Many states have now passed their own legislation to ensure minors are kept safe from obscene website content. Parents are also applying pressure on schools to carefully control the content that can be accessed by their children while attending school.
School Internet filters are not a legal requirement in many parts of the United States, although even schools that do not apply for E-Rate discounts are more and more deciding to implement website content controls. In addition to ensuring children are stopped from accessing harmful content, school Internet filters are a crucial cybersecurity defense and can block phishing attacks and malware downloads.
Each solution is unique, although school Internet filters usually involve three levels of control. The most common method used to block website content is the use of blacklists. Blacklists are lists of websites known to be leveraged for phishing, host exploit kits or include malware.
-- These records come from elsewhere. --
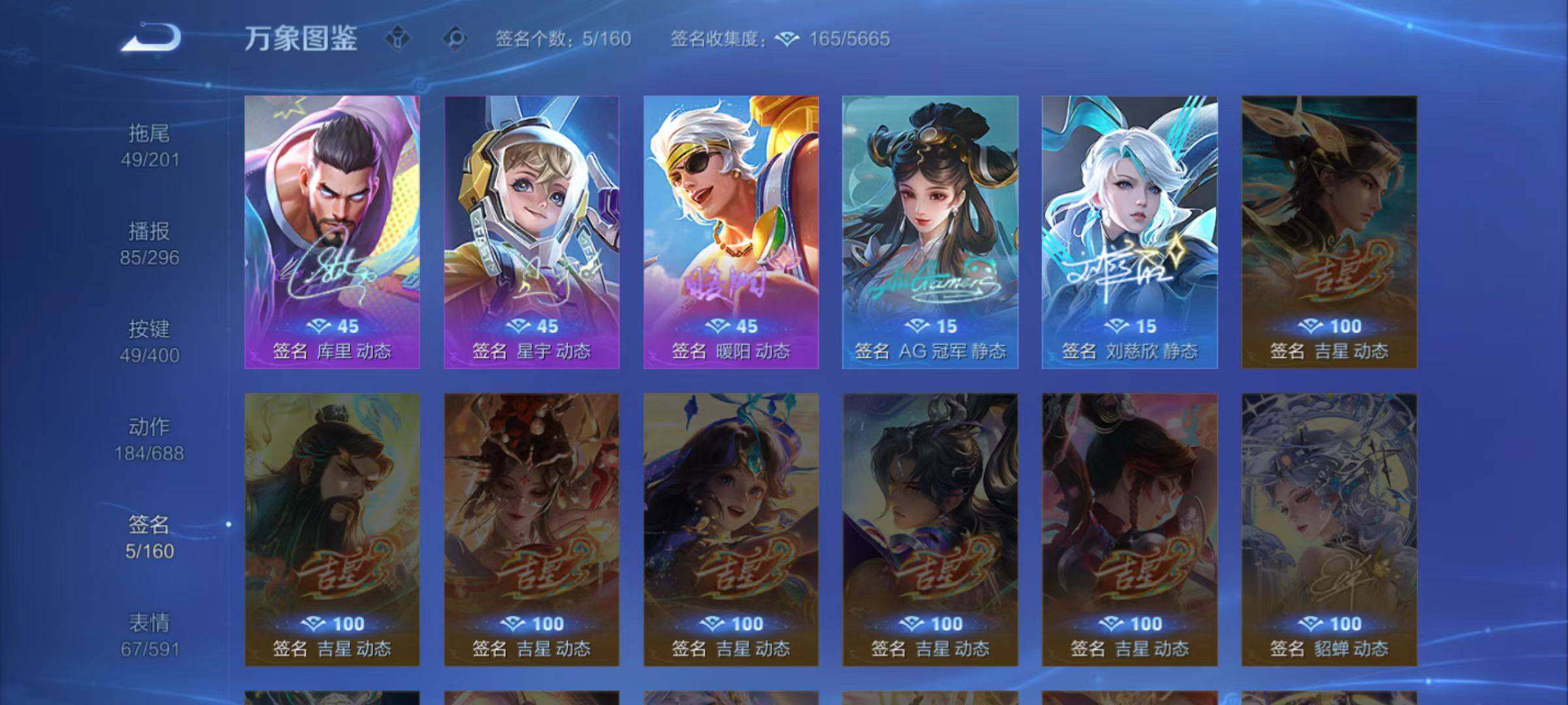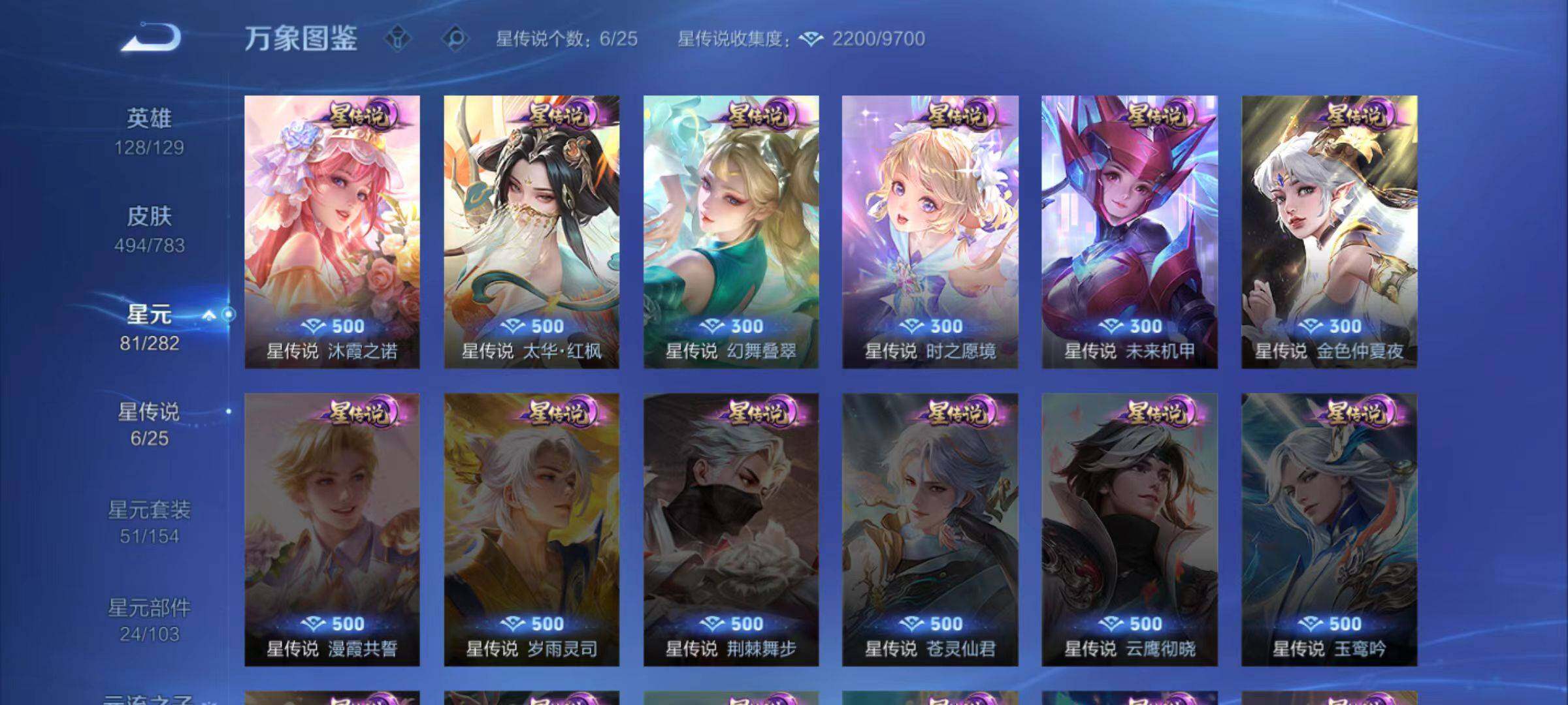 小乔青蛇,大乔白蛇,瑶遇见神鹿,娜可露露晚萤,伽罗箭羽风息,李元芳逐浪之夏,不知火舞魅语,公孙离无限星赏官,大乔猫狗日记,孙策猫狗日记,阿轲节奏热浪,露娜紫霞仙子,诸葛亮黄金分割率,王昭君偶像歌手,项羽苍穹之光,孙尚香时之恋人,阿轲暗夜猫娘,雅典娜冰冠公主,吕布末日机甲,鲁班七号电玩小子,橘右京修罗,墨子龙骑士,嬴政摇滚巨星,刘禅绅士熊喵,刘禅天才门将,白起星夜王子,安琪拉心灵骇客,安琪拉时之奇旅,程咬金功夫厨神,刘邦德古拉伯爵,兰陵王暗隐猎兽者,曹操幽灵船长,宫本武藏鬼剑武藏,司马懿暗渊魔法,亚瑟心灵战警,钟馗乐园奇幻夜,杨戬天秀·启明,蔡文姬舞动绿茵,廉颇地狱岩魂,西施诗语江南,小乔缤纷独角兽,夏侯惇乘风破浪,花木兰水晶猎龙者,铠曙光守护者,墨子金属风暴,吕布圣诞狂欢,貂蝉圣诞恋歌,百里守约特工魅影,嬴政暗夜贵公子,嫦娥拒霜思,李白千年之狐,夏洛特永昼,澜赏金猎手,艾琳奇遇舞章,弈星滕王阁序,杨玉环银翎春语,刘禅电玩·爆裂旋风,海月浮梦罗烟,赵怀真鹤归松栖,蒙犽百解令,周瑜雪夜绮愿,伽罗琥珀纪元,大乔乘龙·忆丹青,安琪拉乘龙·聚宝船,桑启奇遇星旅,上官婉儿群星魔术团,海诺心动手记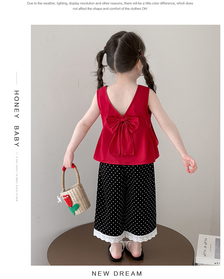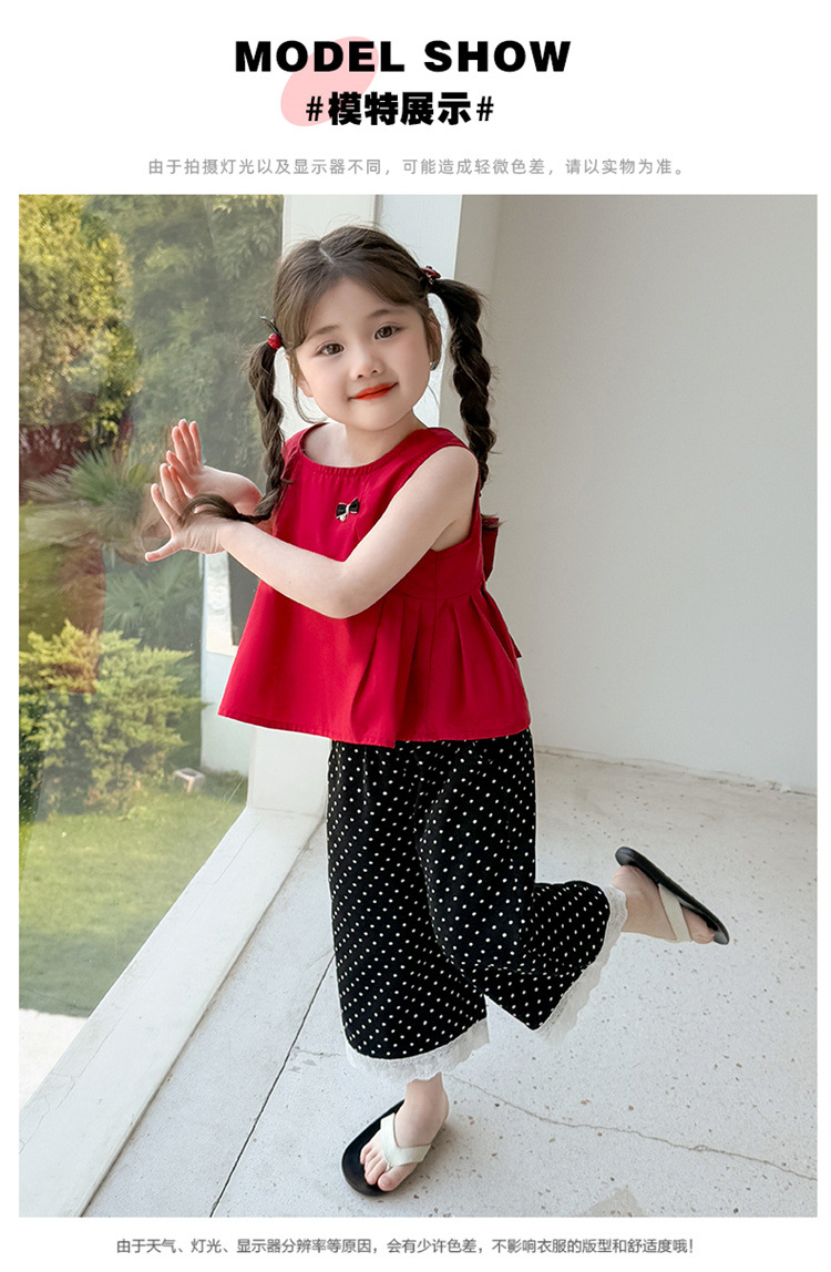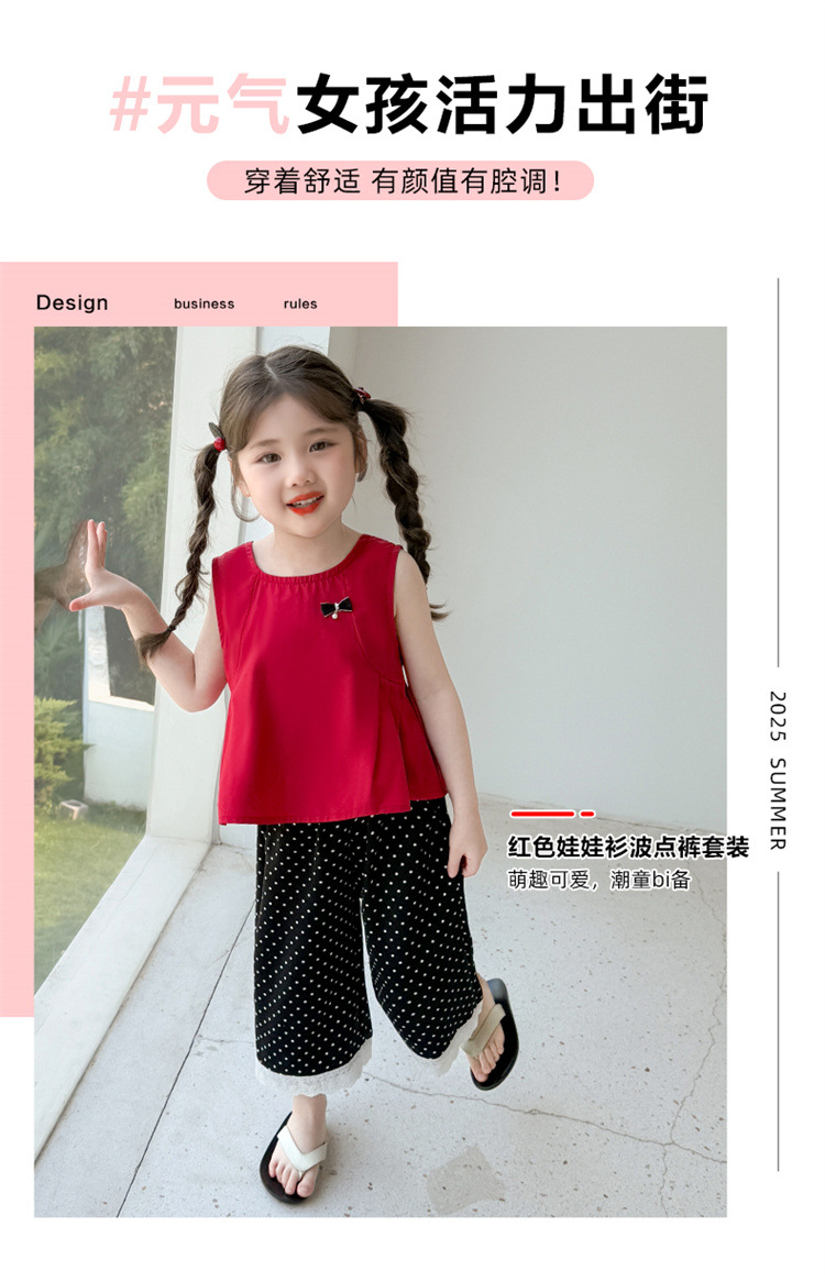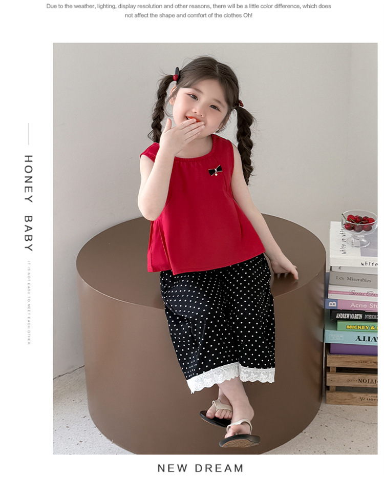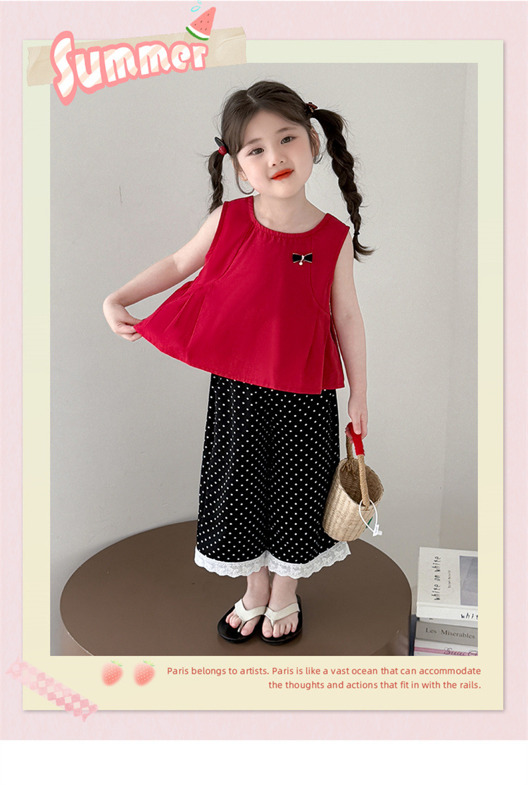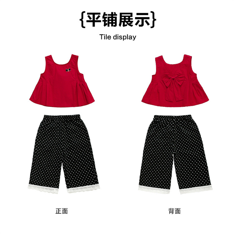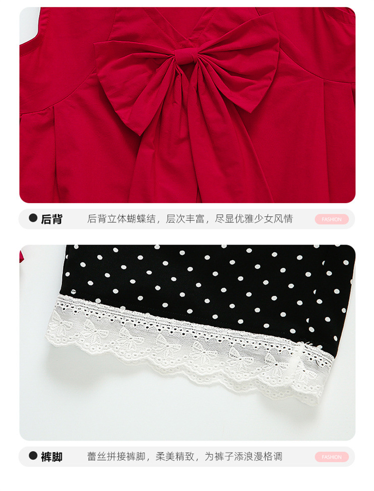 소녀의 빨간 활 폴로 점 바지 세트 2025 여름 새로운 패션 소녀의 세련된 투피스 여름 원피스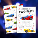 Zwei Fast 2nd Birthday Kids Racing Cars Einladung präsentiert niedliche und farbenfrohe Rennwagen mit dem Text "Two Fast" in modernem schwarzen Typografie-Skript mit der Zahl 2 und Doodles. Ideal für Kinder zum zweiten Geburtstag feiern. Senden Sie die E-Mail oder laden Sie sich einfach die zum Download verfügbare digitale Einladung herunter. Designed by Evco Studio. Für die Koordination von Elementen siehe www.zazzle.com/store/evcostudio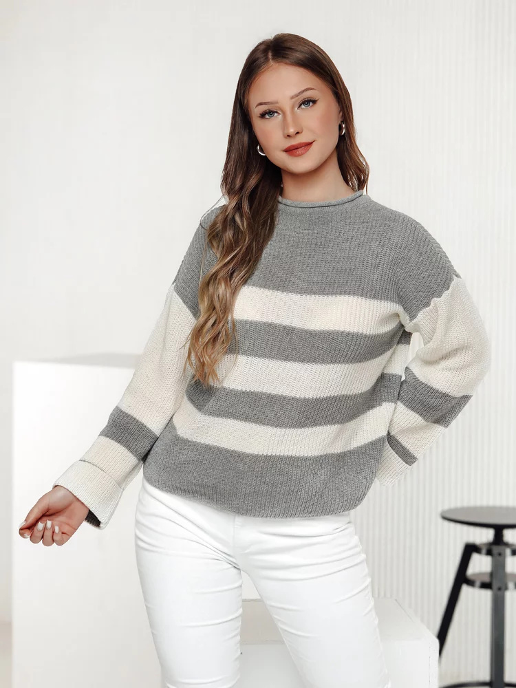 Stylový svetr se širokými rukávy, který přitahuje pozornost klasickým pruhovaným vzorem. Měkký a příjemný na dotek materiál zajišťuje pohodlí a volný střih je ideální pro každodenní stylizace. To spojení pohodlí s módním vzhledem, které se hodí pro každou příležitost.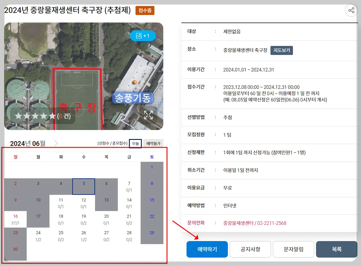 체육시설에 축구장을 누르고 축구장 왼쪽을 바로 누르시면 현재 빌려서 쓸 수 있는 축구장이 나오게 됩니다. 전 중랑물재생센터 축구장을 선택해 볼게요. 그리고 바로 옆에 있는 예약하기를 누르세요.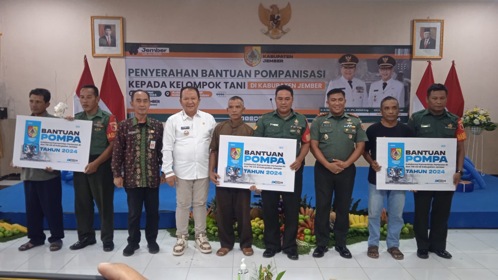KabarBaik.co – Kementerian Pertanian Republik Indonesia bersama TNI AD menyerahkan bantuan pompa air kepada 28 Kelompok Tani (Poktan) di Kabupaten Jember, kamis (9/5).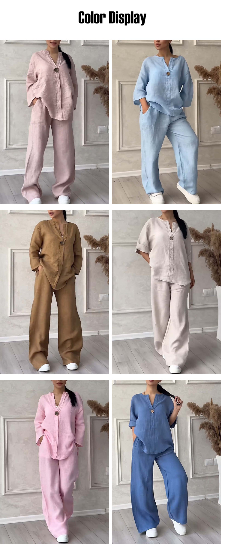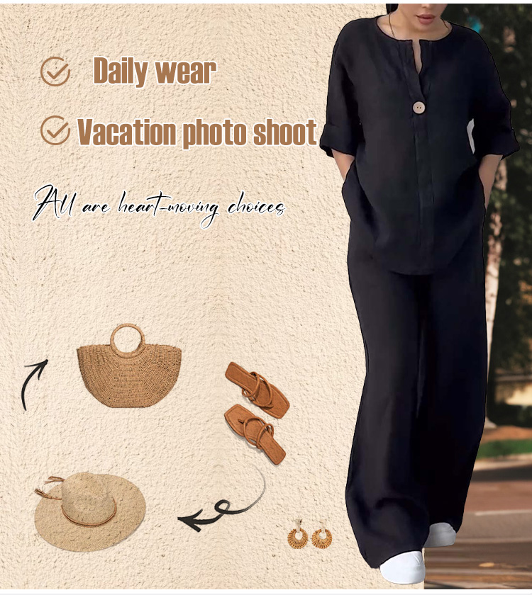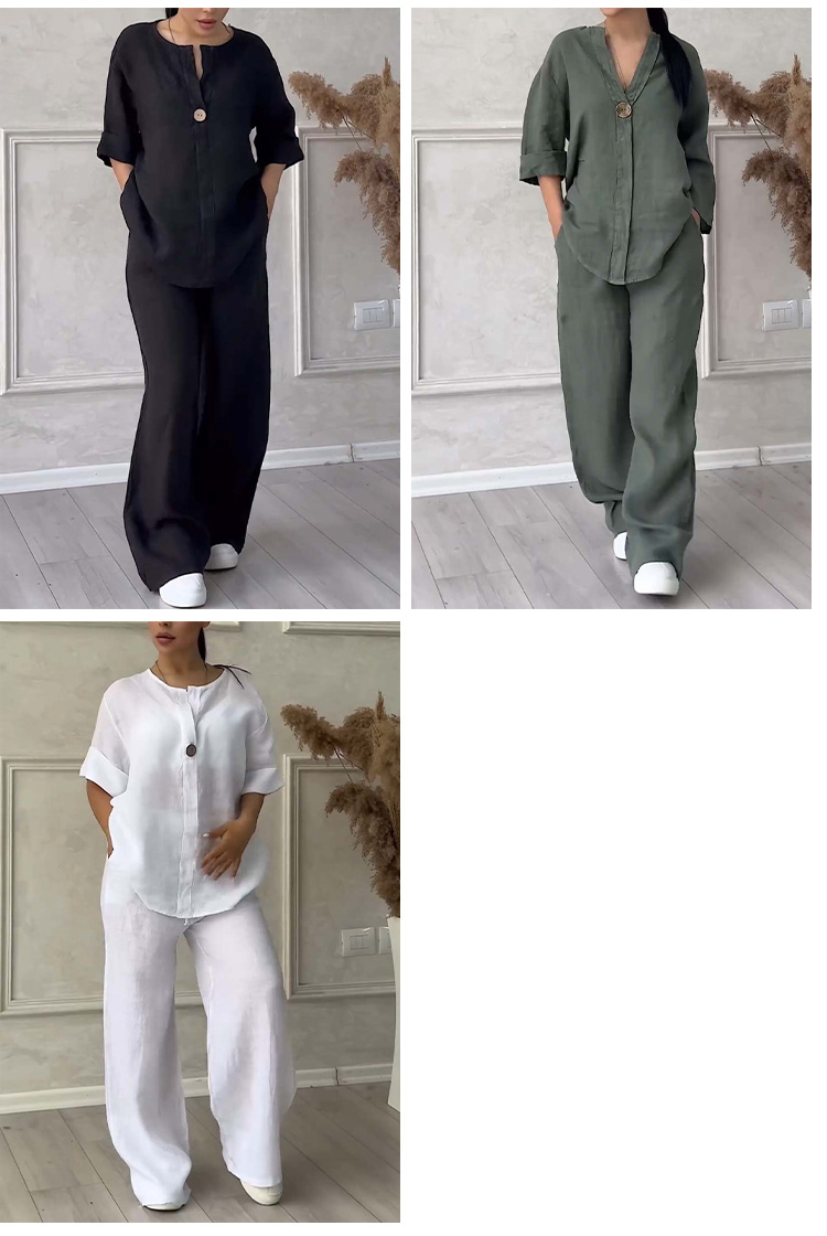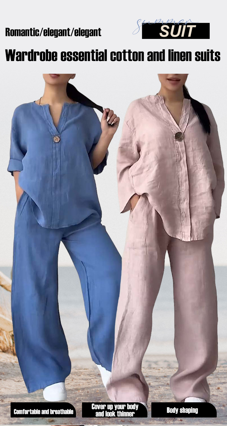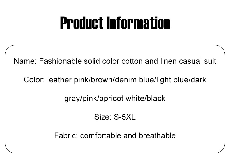 Fashionable Solid Color Cotton and Linen Casual Suit

Blacklists can also be used to prevent inappropriate and illegal website content. For example, the Internet Watch Foundation keeps a blacklist of all webpages discovered to host images of child sexual abuse. By using the blacklists, all websites and webpages on the list will be blocked.
Most school Internet filters also permit website content to be blocked with category filters. Categories cover pornography and other adult content, betting, gaming and dating websites. Category filters, along with blacklists, are the simplest way of ensuring compliance with CIPA regulations. Most filtering solutions also allow whitelists to be established. Whitelists are exception lists that permit users to visit specific websites that would otherwise be blocked by category filters.
Some school Internet filters also permit filtering by keywords. If a webpage includes a blocked keyword or exceeds a set percentage of restricted keywords, users will be stopped from gaining access. This control is particularly useful for blocking sites that have yet to be added to blacklists.
Filtering controls can be applied across an organization for all users or set for different user groups – staff, students, or IT departments for instance. Some solutions also offer time-based management controls, permitting school Internet filters to be set during specific hours.